According to the complaint filed May 28, 2010, the Individual Defendants contemplated the sale of the Company as early as fall 2009. In fact, in early 2010, the Individual Defendants worked on a management-led buyout of the Company.
In February 2010, while the Individual Defendants were secretly negotiating the sale of the Company, members of the Compensation Committee approved the increase of the equity awards to senior executives for performance during the 2009 fiscal year to more than five times the previous year’s level. Importantly, the Compensation Committee approved the Grants despite the Company’s slew of negative publicity and performance concerns in the previous years, particularly the significant loss of stock value in 2009. Pursuant to the Grants, the Compensation Committee authorized the Company to issue to PSI’s five highest paid executives a combined 621,000 stock options and 688,000 shares of restricted stock. In contrast, during the 2009 fiscal year, the Compensation Committee awarded PSI’s five highest-paid executives a combined 120,000 stock options and 135,000 shares of restricted stock for their performance during 2008.

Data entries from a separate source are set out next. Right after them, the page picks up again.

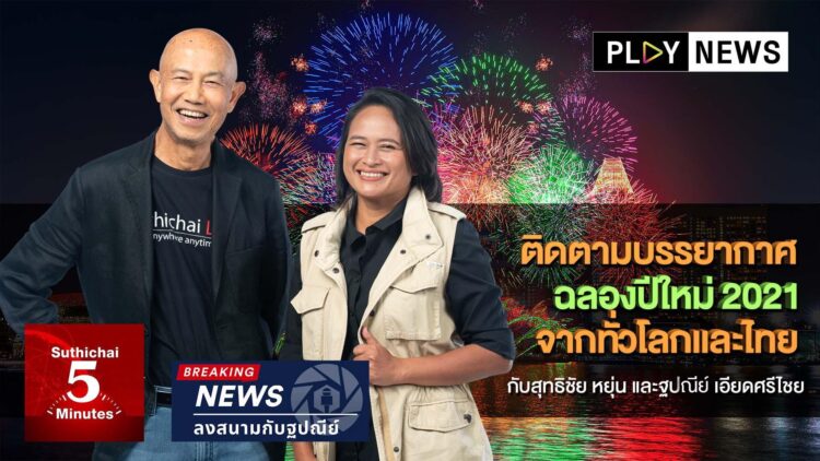 PLAY NEWS แพลตฟอร์มข่าวเพื่อชาวไทย จึงขอมอบคอนเทนต์ข่าวรายงานพิเศษ ให้คนไทยได้ติดตามบรรยากาศเฉลิมฉลองปีใหม่ 2021 จากประเทศต่างๆ ทั่วทุกมุมโลก ที่ล้วนแล้วแต่เป็นแลนด์มาร์คสำคัญของการเคาท์ดาวน์ ซึ่งเชื่อว่าจะมีการปรับเปลี่ยนรูปแบบการฉลองสไตล์นิวนอร์มัลกันอย่างแน่นอน เอ็กซ์คลูซีฟสุดกับการเล่าข่าวโดย สุทธิชัย หยุ่น ในรายการ Suthichai 5 Minutes รวมถึง เกาะติดบรรยากาศฉลองปีใหม่ของชาวไทย โดย แยม – ฐปณีย์ เอียดศรีไชย ในรายการ Breaking News ลงสนามกับฐปณีย์ เพื่อเติมเต็มช่วงเวลาพิเศษ ให้คนไทยมีความหวังและพลังใจพร้อมก้าวต่อไปในปีใหม่ 2021 นี้
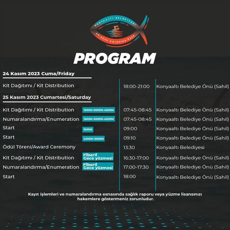 Konyaaltı Belediyesi, geçtiğimiz yıl ilkini düzenlediği “Uluslararası An Aqua Swimming Race” yüzme yarışının ikincisini düzenliyor. 25 Kasım Cumartesi (yarın) Konyaaltı Belediyesi önünden startı verilecek yarışta 8 ülkeden 400 sporcu mücadele edecek. Etkinlik programına göre, saat 09.00’da 1500 metre yarışının, 09:10’da ise 3000 ve 4500 metre yarışının startı verilecek. 09.00 ve 09.10’da başlayan yarışlarda dereceye giren sporcular 13.30’da düzenlenecek ödül töreniyle ödüllerini alacak. Saat 18.00’de düzenlenecek gece etabıyla etkinlik sona erecek.
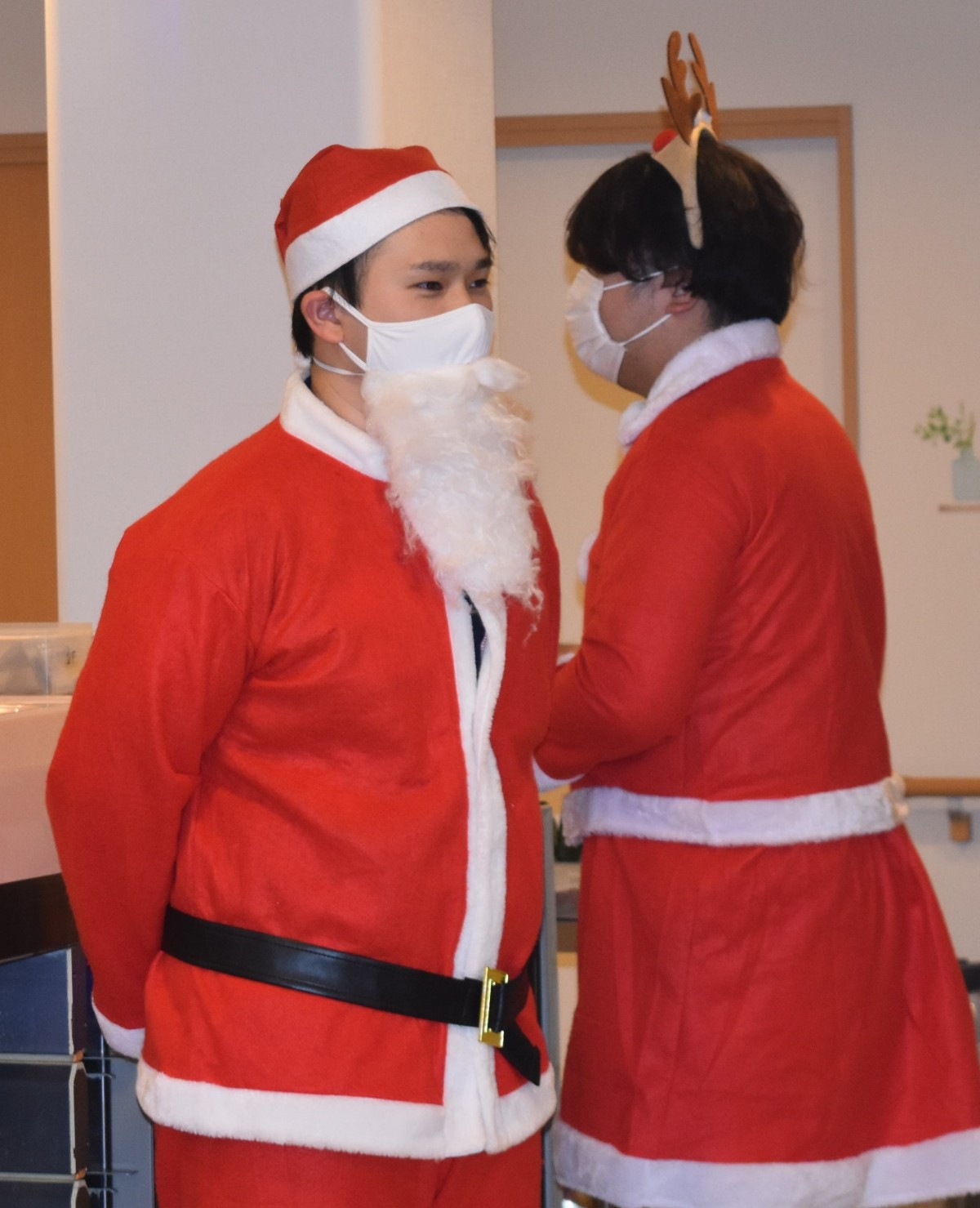 月初めから企画した看護師3名に、「きよしこの夜」と共に聖歌隊が入場、シフトを工面してのケアスタッフも参加しました。

On June 14, 2010, an Individual and Amended Class Action Complaint was filed by the plaintiffs against the defendants.
On July 20, 2010, another Individual and Second Amended Class Action Complaint was filed by against the plaintiffs against all Defendants.
On August 23, 2010, The Court issued an Agreed Order Staying this case pending further Order of the Court.
On September 13, 2001, pursuant to Rule 41(a)(2) of the Federal Rules of Civil Procedure, the Court dismissed this action with prejudice.